抑郁症数据集相当稀缺[15–19]。据我们所知,目前只有两个公开可用的数据集涉及抑郁症检测。第一个是 DAIC-WoZ 数据集,包含了142名美国参与者的录音和转录,这些参与者由计算机代理进行临床访谈[16]。第二个是 AViD-Corpus 数据集[20],也包含了德国参与者回答一系列问题或朗读寓言的音频和视频。然而,作者没有提供转录文本。
In this work, we release a new Chinese depression dataset, namely EATD-Corpus, to facilitate the research in depression detection. EATD-Corpus consists of audios and text transcripts extracted from the interviews of 162 student volunteers recruited from Tongji University. All the volunteers have signed informed consents and guarantee the authenticity of all the information provided. Each volunteer is required to answer three randomly selected questions and complete an SDS questionnaire. The SDS questionnaire consists of 20 items which rate the four common characteristics of depression: the pervasive effect, the physiological equivalents, other disturbances, and psychomotor activities [21]. SDS is a commonly used questionnaire for psychologists to screen depressed individuals in practise.
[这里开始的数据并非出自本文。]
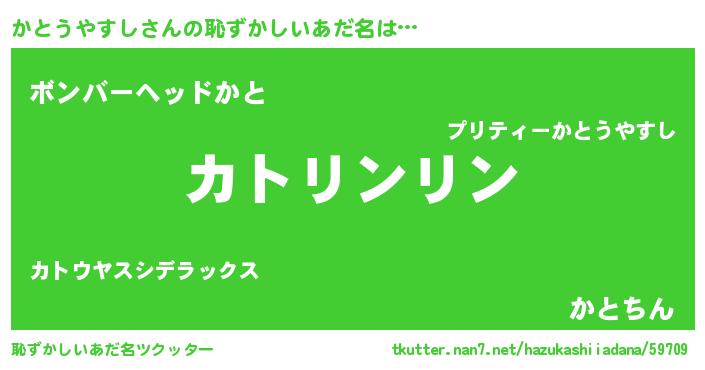 | 男性向けラノベタイトル風あだ名 | 『かとうやすしの嫁は女の子じゃないと思った?』 |

A raw SDS score can be summarized from the questionnaire. For Chinese people, an index SDS score (i.e. raw SDS score×1.25) greater than or equal to 53 implies that he/she is in depression [22]. According to the criterion, there are 30 depressed volunteers and 132 non-depressed volunteers in EATD-Corpus. The overall duration of response audios in the dataset is about 2.26 hours.
在本研究中,我们发布了一个新的中文抑郁症数据集,即 EATD-Corpus,以促进抑郁症检测的研究。EATD-Corpus 包含了从招募自同济大学的162名学生志愿者访谈中提取的音频和文本转录。所有志愿者均已签署知情同意书,并保证所提供信息的真实性。每位志愿者需要回答三个随机选择的问题,并完成一个 SDS 问卷。SDS 问卷包含20个项目,用于评估抑郁症的四个常见特征:普遍影响、生理等效、其他干扰和精神运动活动[21]。SDS 是心理学家在实践中常用的抑郁筛查问卷。可以从问卷中总结出原始 SDS 得分。对于中国人来说,指数 SDS 得分(即原始 SDS 得分×1.25)大于或等于53 表明其处于抑郁状态[22]。根据这一标准,EATD-Corpus 中有30名抑郁志愿者和132名非抑郁志愿者。数据集中响应音频的总体时长约为2.26小时。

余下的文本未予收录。